Twenty-eight naturally occurring Cephalotaxus tropone analogues, including 19 previously undescribed ones, were identified from Cephalotaxus fortunei Hook. var. alpina H. L. Li and C. lanceolata K. M. Feng. The presence of the C20 cephinoids A−E revealed that these tropones were assigned to the norditerpenoids and were perhaps derived from labdane-type diterpenoids. These norditerpenoids showed excellent cytotoxicity against human cancer cells (IC₅₀, 20–0.1 μM) in vitro. The SAR (structure-activity relationship) analysis disclosed that the tropone moiety and the lactone ring were crucial structural features for the observed activities. Further SAR analyses led to a new candidate, cephinoid H, which demonstrated an inhibition of 49.0% by administration to zebrafish at a dose of 60.0 ng/mL, compared to cisplatin (DDP, 22.4%) at 15.0 μg/mL. These compounds might affect the NF-κB signaling pathway rather than binding to microtubules. Additionally, the isolated norditerpenoids showed almost equal anti-inflammatory activities compared to the positive control, MG132.

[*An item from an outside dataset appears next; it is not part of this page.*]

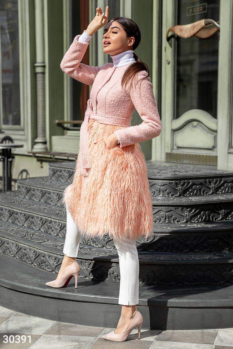 - Пальто-шуба из ламы имеет благородный розовый оттенок, который переливается на солнце. Обратите внимание, как здорово комбинирует этот роскошный наряд с элементами уличного стиля. Невероятно запоминающийся образ.

二十八个自然发生的三尖杉庚三烯酮类似物，包括19个以前未描述的，从确定的三尖杉挂钩。变种 Allpina HL Li和C. lanceolata KM Feng。C20炔属化合物A–E的存在表明，这些托普酮被分配给降冰片萜烯类化合物，并且可能源自拉丹烷型二萜烯类化合物。这些norditerpenoids显示针对人类癌细胞的细胞毒性优异（IC ₅₀，μM20-0.1）体外。SAR（结构-活性关系）分析显示，托普酮部分和内酯环是观察到的活性的关键结构特征。进一步的SAR分析导致了一种新的候选化合物，类胡萝卜素H，与以15.0μg/ mL的顺铂（DDP，22.4％）相比，以60.0 ng / mL的剂量向斑马鱼给药可显示49.0％的抑制作用。这些化合物可能会影响NF-κB信号传导途径，而不是与微管结合。此外，与阳性对照MG132相比，分离的去甲类萜类化合物显示出几乎相等的抗炎活性。